Definition
A transistor amplifier circuit configuration in which the base terminal is connected to ground (the common reference point), the input signal is applied to the emitter, and the output signal is taken from the collector. This arrangement provides voltage gain with no current gain and presents a low input impedance with a high output impedance. It is commonly used at high frequencies because it has good isolation between input and output.
Plain English
A way of wiring a transistor so that one of its three legs (the base) is held at the circuit's reference point. The signal goes in one of the other legs and comes out larger on the third leg. This wiring style works especially well for high-frequency signals like radio.
Context Anchor
Seen in aircraft electronics, radio, and avionics maintenance descriptions rather than normal cockpit procedures.
Derivation
Named for the way the transistor is wired: the base terminal is grounded, meaning it is connected directly to the circuit's common reference point.

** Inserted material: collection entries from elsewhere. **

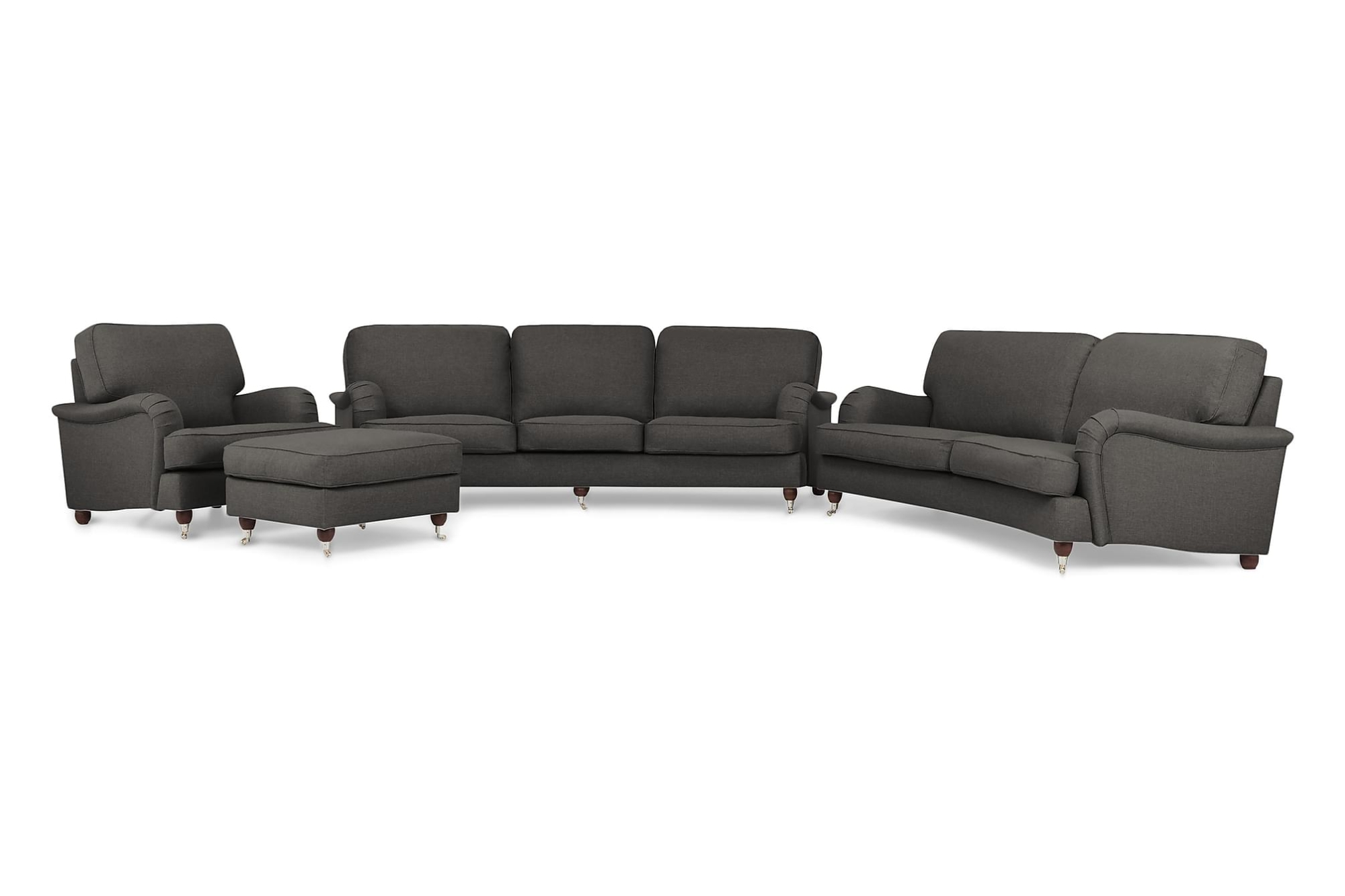 Et sofasæt bestående af en buet 4-personers sofa, en buet 3-personers sofa, en lænestol og en skammel i mørkegrå. En stort set møbleret stue til en fantastisk pris! Howard er en elegant sofa med flotte detaljer. De forreste ben er smukt bearbejdet og mont
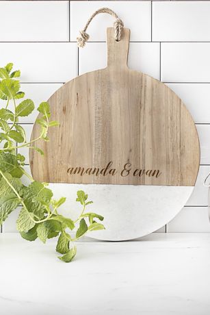 The Personalized Round Marble Acacia Serving Board is perfect for serving your guests appetizers at any gathering. The white marble and light acacia wood provide an elegant contrast on this piece of serveware. This gorgeous serving board makes a meaningful gift for newlyweds!
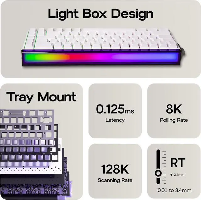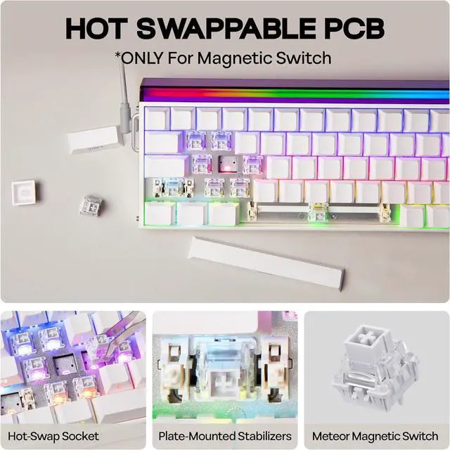 Hall Effect Magnetic Switch & 0.1mm Adjustable ActuationThe Hero68 HE boasts an adjustable actuation travel that extends from 0.01 to 3.4mm, delivering outstanding versatility suited for fast-paced shooter games as well as thoughtful strategy inputs. The innovative hall effect switch mechanism allows for activation without physical contact between the switch pin and the PCB, which minimizes the inconsistencies inherent in traditional mechanical keyboards, offering improved durability and a more refined keystroke feel.
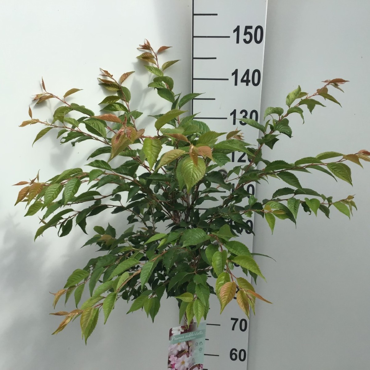 Mittelgroßer Baum mit einer breit ausladenden Krone. Höhe ca. 5-6 m. Grünes Blatt. Herbstfärbung gelb bis orange. Blütezeit: November bis April. Hellrosa, halbgefüllte Blüten in hängenden Trauben. Sonniger Standort. Fruchtbare Böden.
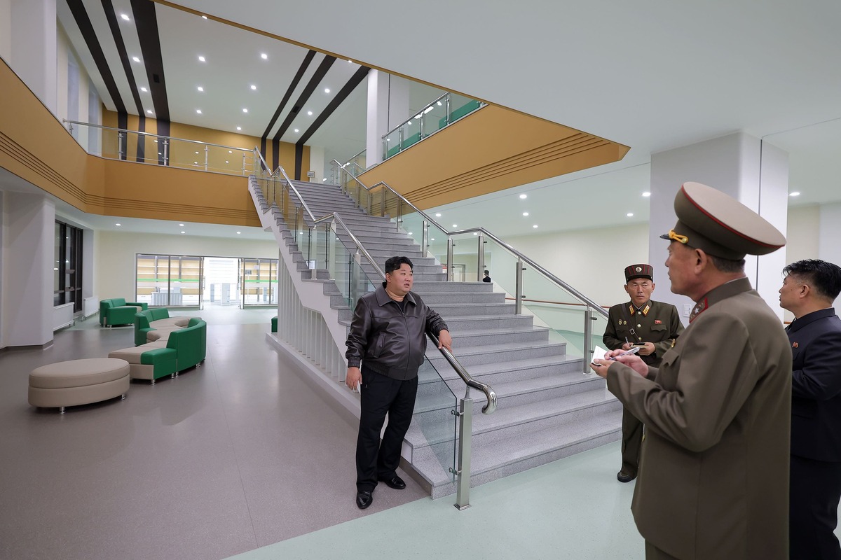 Уважаемый товарищ Ким Чен Ын осматривает Кандонскую уездную больницу в преддверии ввода в строй. Октябрь 2025 года.

The three classic transistor amplifier configurations are named for whichever terminal is grounded -- grounded-base, grounded-emitter, and grounded-collector.
Why Pilots Care
Pilots do not design these circuits, but understanding the term helps when reading avionics manuals, troubleshooting guides, or discussions of how aircraft radios and navigation equipment work internally.
Intuition Check
Do not read grounded here as “the airplane is not allowed to fly.” In this term, grounded means the transistor’s base is tied to the circuit’s reference point.
Example Sentence 1
The radio's high-frequency stage uses a grounded-base amplifier to boost the incoming signal without feedback problems.
Example Sentence 2
A technician replaced the faulty grounded-base amplifier to restore clear transmission on the aircraft radio.